Check out my Java library if you want to see how I dealt with these things. Also I have a bunch of unit tests there that I either came up with or borrowed from other Cuckoo libs. Should be pretty easy to convert some of those to python :) .


Cheers, Mark

Hi Mark,

One of the authors here. Great points especially on the "No victim cache" aka insertion failure. This was mostly a test implementation for us to see how cuckoo filters work, but agree that it is critical to have these issues fixed.

I'll check out your library for improvements.


No problem, The paper authors left a lot of the specifics off... I got burned by the victim cache too. I saw one in their reference code and thought it was pointless until weeks later when I got around to writing tests and had one of those aha moments.

> With the Cuckoo filter, we notice an insertion throughput increase of up to 85 percent as it fills up to 80 percent capacity

That's not a throughput increase, that's a throughput decrease. Throughput is operations per unit time, not time per operation.

Hmmm.... this might be an artifact of the python implementation?

The insert speed should be roughly constant until the filter begins moving items into their alternate buckets(when one of the two buckets for that item is full). In my implementation this doesn't usually happen until well over 90% capacity.

Insert speed will slow slightly as the filters fills up if the implementation uses a shortcut to determine the first empty bucket position by just checking if it's zero. Conceptually, if a bucket is empty you only need to check the first position before the insert. When the filter is half full you need to check ~%50 of bucket positions before an insert. In practice the bucket operations are so fast and buckets only hold 4 items each, I haven't noticed a difference.

Yes, I understand why it slows down (though the additional details you've provided are helpful). My point was that slowing down is correctly described as a decrease, not an increase, in throughput.

Since you've implemented one, maybe you can answer a couple more questions I have:

> Typically, a Cuckoo filter is identified by its fingerprint and bucket size. For example, a (2,4) Cuckoo filter stores 2 bit length fingerprints and each bucket in the Cuckoo hash table can store up to 4 fingerprints.

Wouldn't that fingerprint length normally be two bytes rather than two bits? The Python sample code given appears to use bytes.

Also, when you start doing deletion, isn't there a nonzero probability of causing false negatives because of fingerprint collisions? I guess a 2 byte fingerprint would make that probability acceptably small, but it doesn't seem to be zero. Correct?

The code should use bits, the point of the filter is to increase space efficiency so you need to pack everything together as close as possible. Having fingerprint sizes of only multiples of 8 bits doesn't make sense.

Also, from the quote, it's probably more accurate to say a Cuckoo filter is identified by it's fingerprint size, bucket size, and capacity. In most implementations the bucket size is fixed at 4, so you can define a filter with only fingerprint size and capacity.

And yes, deleting can cause false negatives but only in a roundabout way. Deleting will only cause false negatives if you delete something that wasn't added previously. Because the filter has false positives, sometimes it will tell you it's seen an item that it hasn't. If you delete one of these false positives it will cause a false negative. If you only delete items that have been added before, and in the case of duplicate items, added the same number of times, you won't get any false negatives.

Essentially if you saved a log of all the inserts then replayed it as deletions you would have a perfectly empty filter every time with no false negatives. I actually have a unit test that does this in my java Cuckoo filter :), it exorcised quite a few demons from the code.

If you're curious the unit test is sanityFillDeleteAllAndCheckABunchOfStuff() in https://github.com/MGunlogson/CuckooFilter4J/blob/master/src...
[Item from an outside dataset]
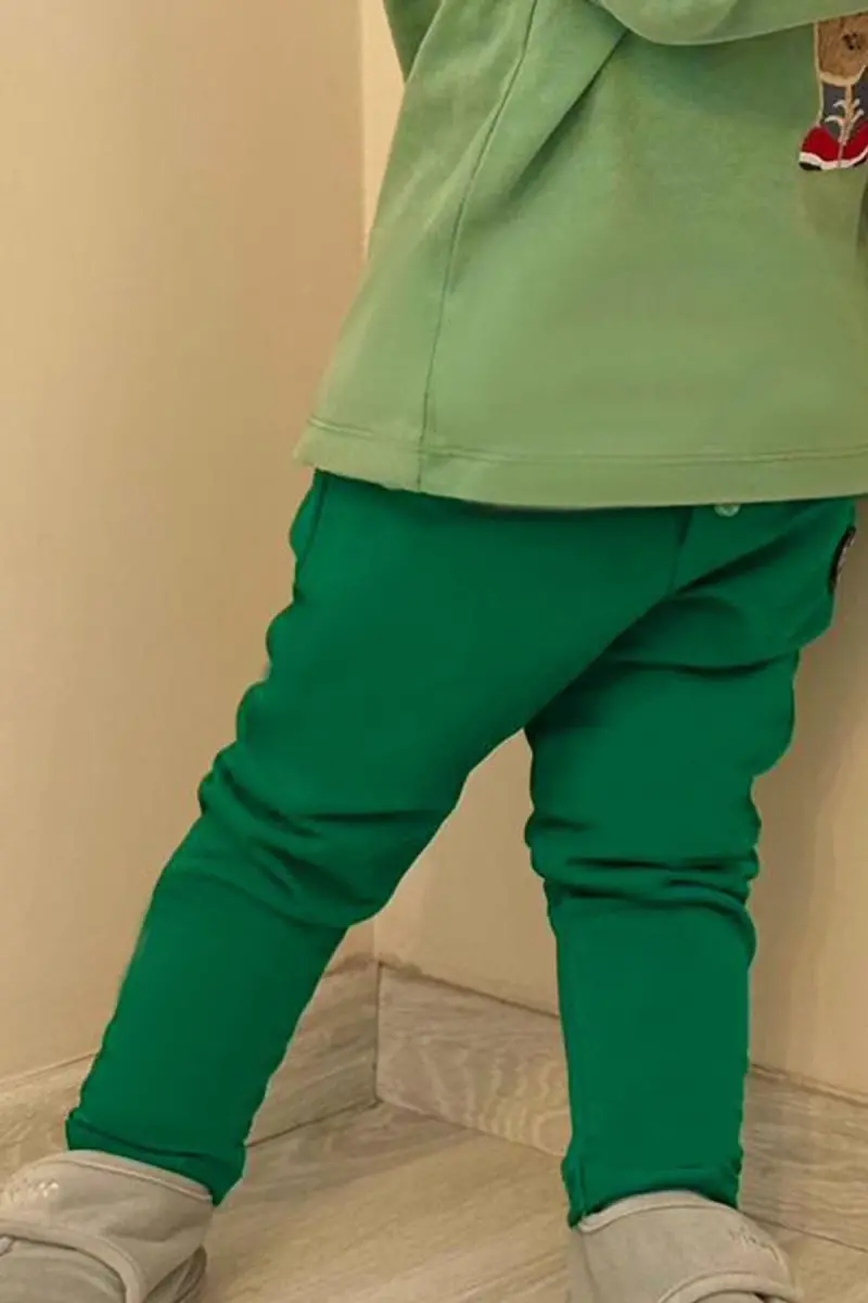 Эти милые и практичные детские штаны дополнят стиль вашего малыша своими пуговицами, карманами с накладками и зеленым цветом.

I maintain that if you want to think of how a bloom filter works, think of it as the front desk staff at an office building. You can ask a series of questions such as "Has anyone wearing a hat come in?" "Any exceptionally tall people?" etc... It won't help answer if Peter from accounting is there, but can help give a good indication if you know enough about him today.

Obviously, if this is not a correct way to think of it, I'm open for more correct ways.

Not really, it's more like a guest list with only the first two letters of guests last names.

If someone shows you might learn they are not a guest, but having the 'correct' "La" letters does not mean they are a guest.

The advantage is a doorman can have a tiny list to direct people inside, the downside is it's poor validation and does not scale very far.

PS: You can obviously add more letters, but the same problem happens if two people have the same names.

This is just one of the hashes, though. If you consider a function of "color of shirt someone is wearing" to "are they here". Then "color of shirt" is now part of the filter. Same for "is wearing a hat", "is exceptionally tall", etc.

So, if you know that Peter is wearing a green shirt today, then you can rule out his being there if the guard says nobody wearing a green shirt has arrived.

Is this a rigorous model? No. It is just an easy mental model for me to conceptualize this.

Except the hash format needs to be decided ahead of time. If you ask a guard if they had seen someone with a peg leg they may remember this even without any other instruction.

If you really want to use a range of questions then police codes is a good proxy. The guard may say we have people in the drunk tank, but not anything else.

Yes, this is why I typically stick with easy and likely to be considered questions.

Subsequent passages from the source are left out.